In the currency markets, Euro is currently the strongest performer, followed by Aussie and Sterling, while Yen sits at the bottom alongside Kiwi and Dollar. Swiss Franc and Loonie sit in the middle of the pack. However, these rankings are almost certain to shift as the week unfolds.
In Asia, at the time of writing, Hong Kong HSI is up 1.80%. China Shanghai SSE is down -0.10%. Singapore Strait Times is up 0.46%. Japan is on holiday.
Fed’s Collins signals hesitation on December rate cut
Boston Fed President Susan Collins signaled a clear preference for caution ahead of the December 9–10 FOMC meeting, saying she sees “reasons to be hesitant” about lowering borrowing costs again. After the 50bps of easing delivered in September and October, Collins argued on Saturday that policy is now “mildly restrictive” and appropriately calibrated to current conditions.
Collins stressed that the Fed faces a difficult balance: inflation remains above target while the job market shows visible signs of softening. She said risks exist “on both sides of the mandate,” and emphasized that more persistent weakness in employment could change her stance. “If I saw more evidence of softening and weakness, I would take that seriously,” she noted.

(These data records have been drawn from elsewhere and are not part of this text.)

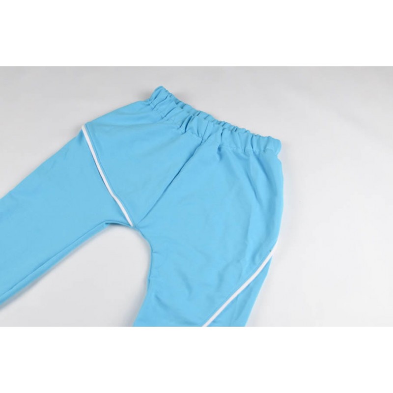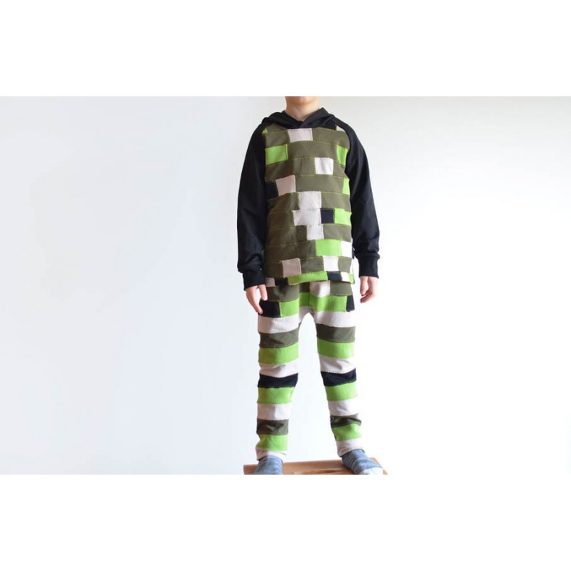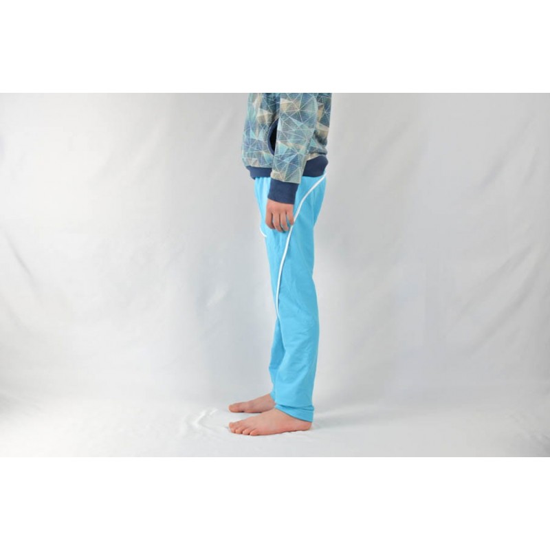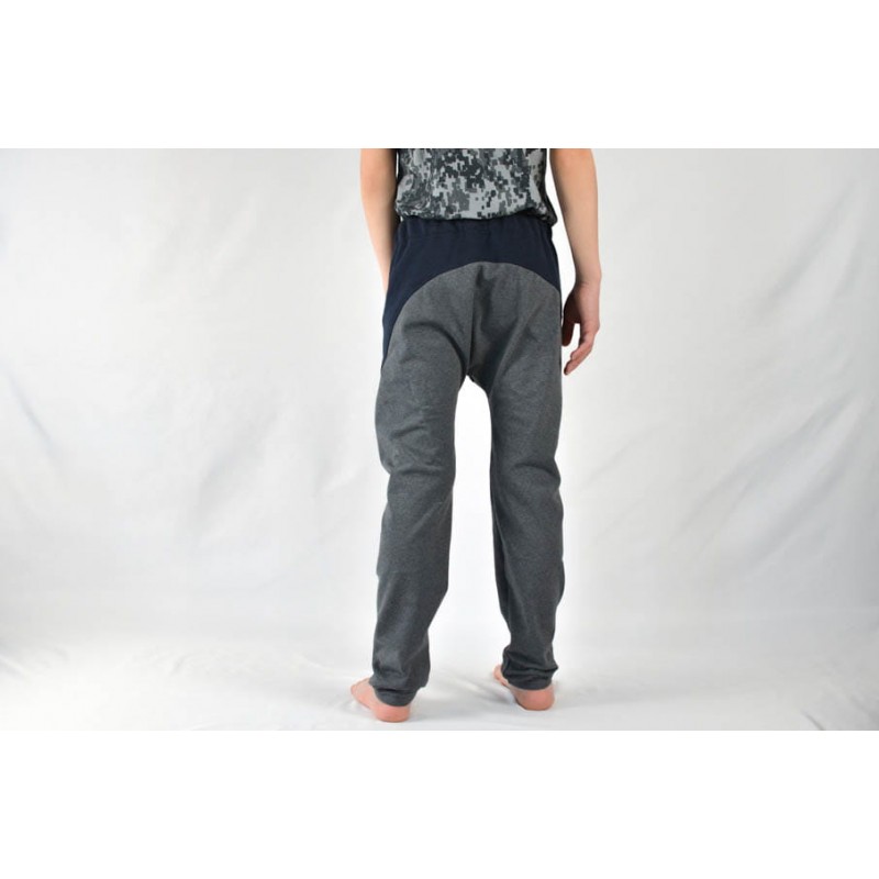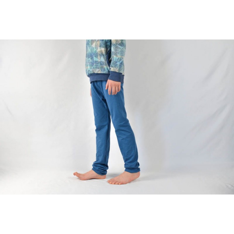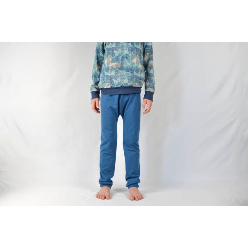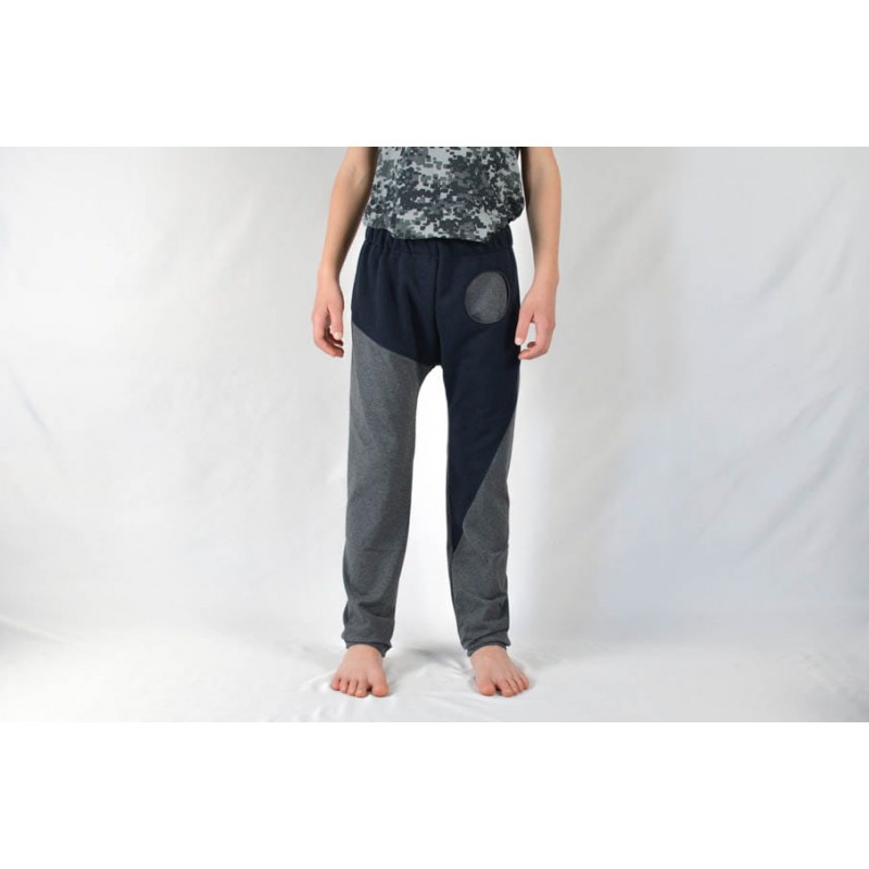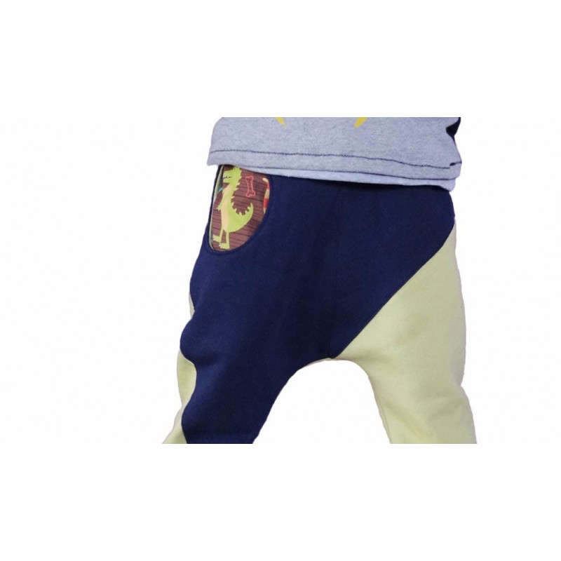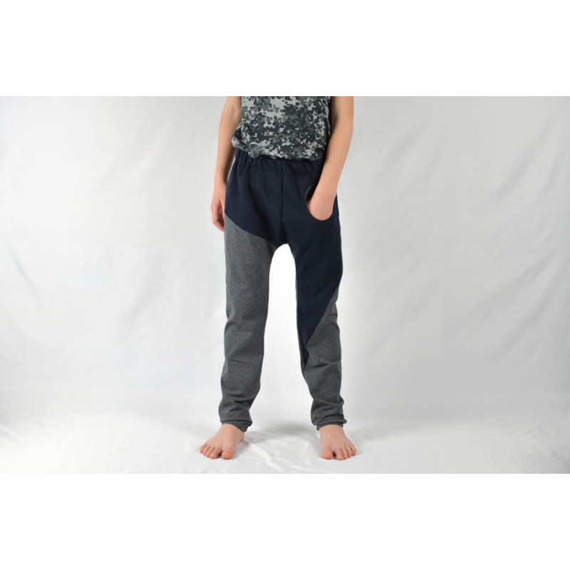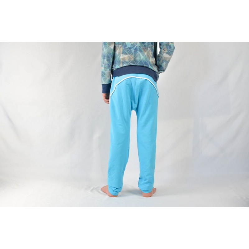 Patrón de pantalones 123 infantil. Pantalones tipo bombacho fáciles de coser y personalizar. Pernera ajustada con tres variantes para usar distintas telas, tiro redondeado y bolsillo frontal. Dobladillos en cinturilla y bajos.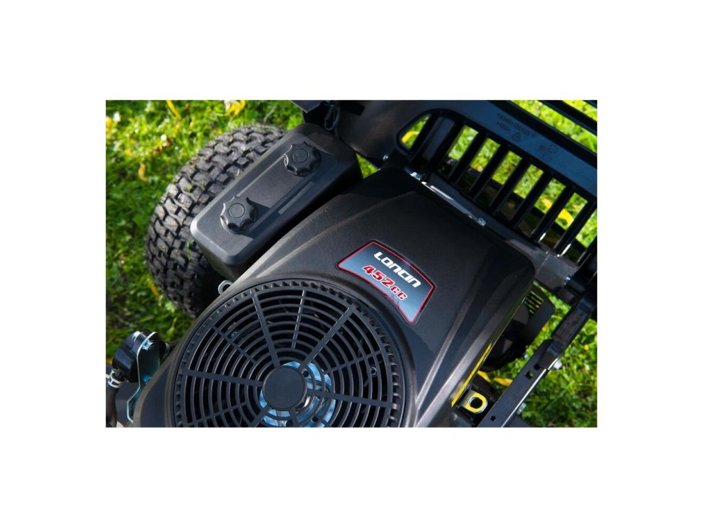 - Prémiový motor Loncin V-Twin: Dvojvalec s tlakovým mazaním je ideálny aj do svahovitejšieho terénu.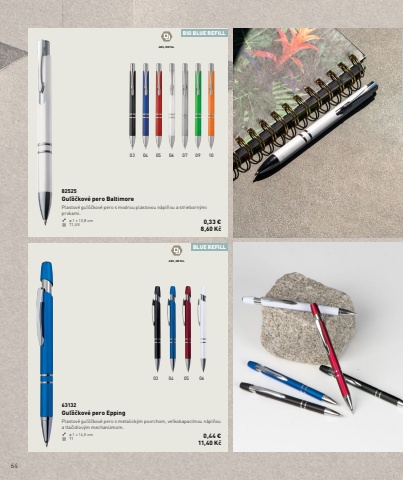 6403 04 05 0610090706050403BLUE REFILLABS, METAL ABS, METAL BIG BLUE REFILL63132Gu%u013e%u00f4%u010dkov%u00e9 pero EppingPlastov%u00e9 gu%u013e%u00f4%u010dkov%u00e9 pero s metalick%u00fdm povrchom, ve%u013ekokapacitnou n%u00e1pl%u0148ou a tla%u010didlov%u00fdm mechanizmom.%u00f8 1 %u00d7 14,5 cm T1 0,44 %u20ac 11,40 K%u010d82525Gu%u013e%u00f4%u010dkov%u00e9 pero BaltimorePlastov%u00e9 gu%u013e%u00f4%u010dkov%u00e9 pero s modrou plastovou n%u00e1pl%u0148ou a strieborn%u00fdmi prvkami.%u00f8 1 %u00d7 13,8 cm T1,UV 0,33 %u20ac 8,60 K%u010d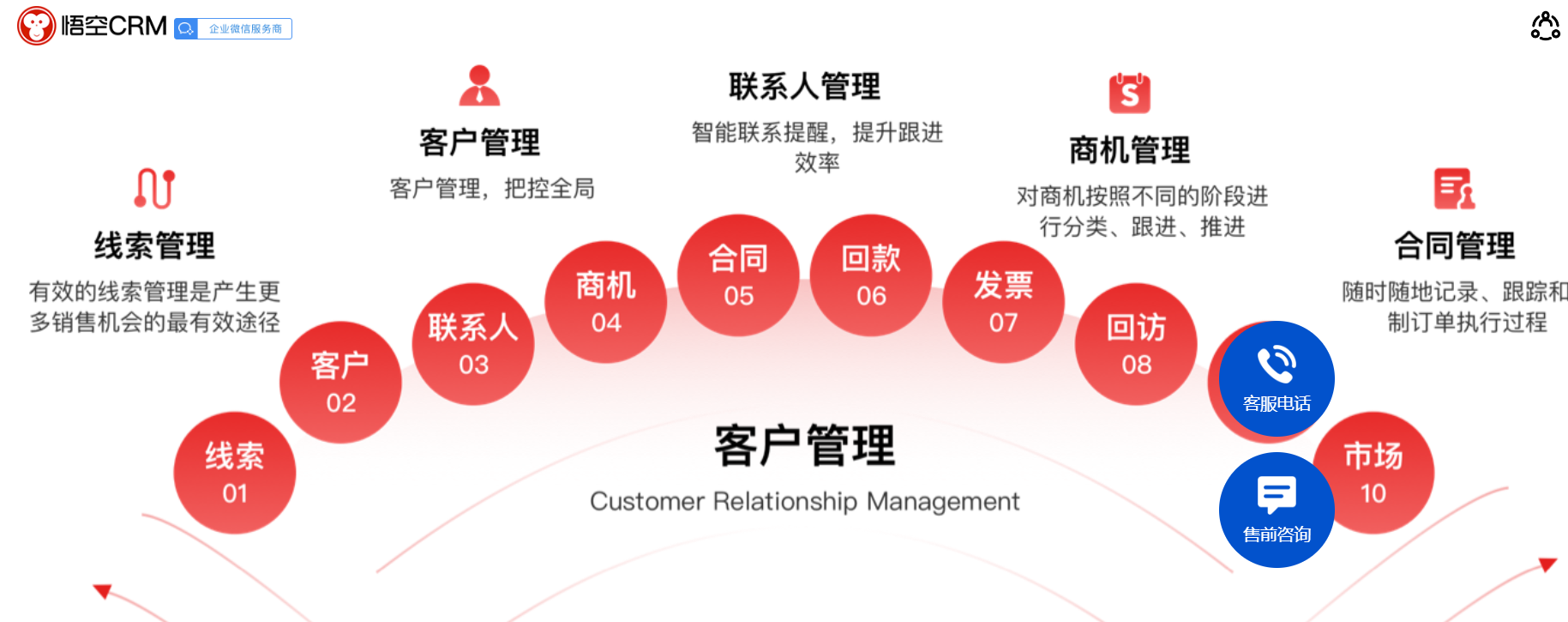 主要功能:悟空CRM提供了多种功能,包括客户管理、销售管理、市场营销自动化、工作流管理以及报表和分析功能。用户可以轻松捕捉和管理潜在客户,跟踪销售进度,并通过自动化工作流来提高团队的工作效率。

She also highlighted the unusually wide set of views emerging inside the Committee. “We’re in a complex period” for setting policy, Collins said, adding that a range of perspectives is healthy at a time when the economic outlook is highly uncertain.
SNB’s Schlegel says negative rates possible but bar remains high
SNB Chairman Martin Schlegel signaled over the weekend that the central bank remains willing to reintroduce negative interest rates if mid-term price stability were threatened. However, he emphasized that "the bar is high”.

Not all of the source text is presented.